Water resources, land and soil degradation, desertification, agricultural productivity, and food security are all adversely influenced by drought. The prediction of meteorological droughts using the standardized precipitation index (SPI) is crucial for water resource management. The modeling results for SPI at 3, 6, 9, and 12 months are based on five types of machine learning: support vector machine (SVM), additive regression, bagging, random subspace, and random forest. After training, testing, and cross-validation at five folds on sub-basin 1, the results concluded that SVM is the most effective model for predicting SPI for different months (3, 6, 9, and 12). Then, SVM, as the best model, was applied on sub-basin 2 for predicting SPI at different timescales and it achieved satisfactory outcomes. Its performance was validated on sub-basin 2 and satisfactory results were achieved. The suggested model performed better than the other models for estimating drought at sub-basins during the testing phase.

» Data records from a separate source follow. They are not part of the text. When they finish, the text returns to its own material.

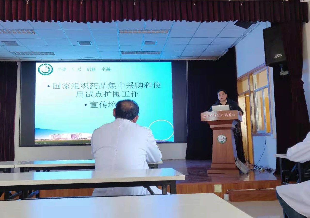 我院藥劑科科長(cháng)秦曉輝對全院臨床醫生進(jìn)行“4+7”試點(diǎn)擴圍工作培訓宣傳
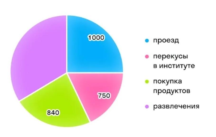 на диаграмме ниже показаны траты Наташи за неделю. Всего за неделю Наташа потратила 4000 рублей
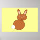Este poster apresenta uma imagem adorável de um coelho felz pascoa criado usando arte vetorial. O coelho é marrom com uma cauda branca. Tem um sorriso grande no rosto como um coelho da Páscoa deveria.
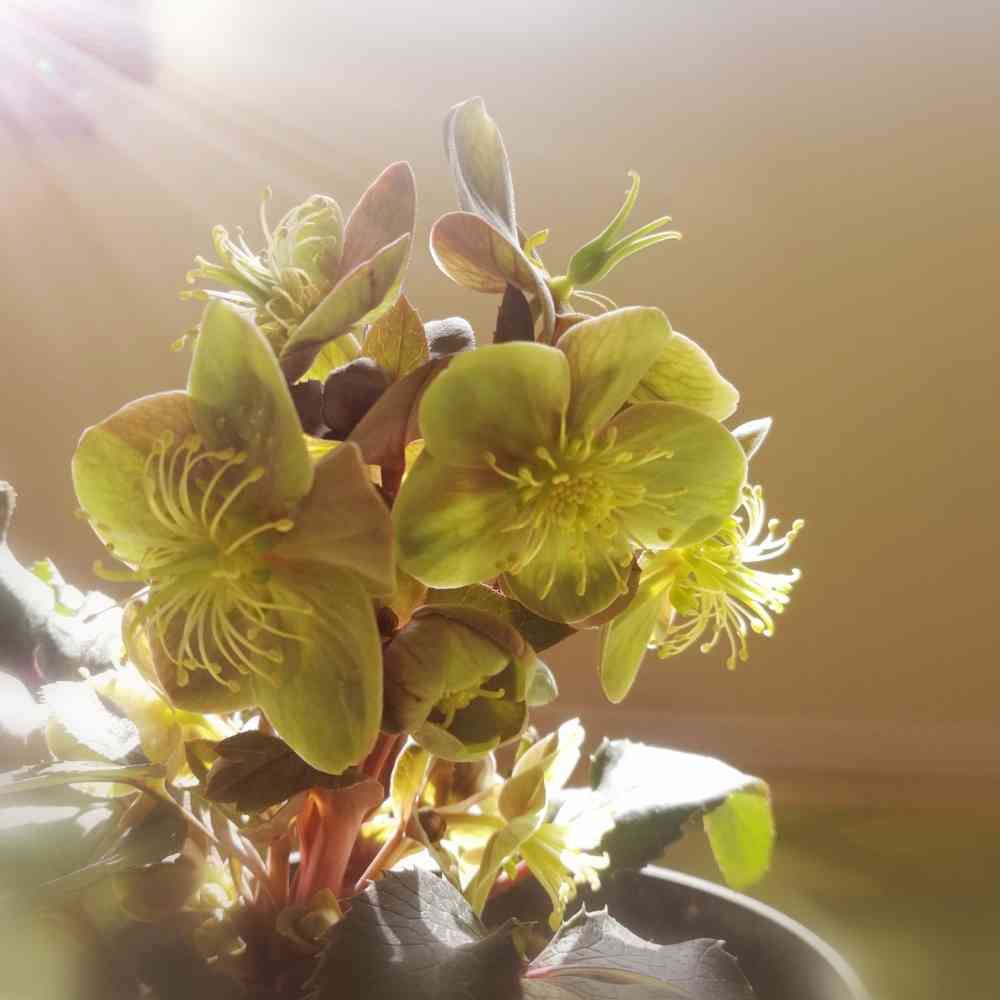 蕾の時はクリスマスローズのチョコレート色ですが、花開くとグリーンです

The suggested model could be used to predict meteorological drought on several timescales, choose remedial measures for research basin, and assist in the management of sustainable water resources.

Publisher

MDPI AG

Subject

Water Science and Technology,Aquatic Science,Geography, Planning and Development,Biochemistry

Reference35 articles.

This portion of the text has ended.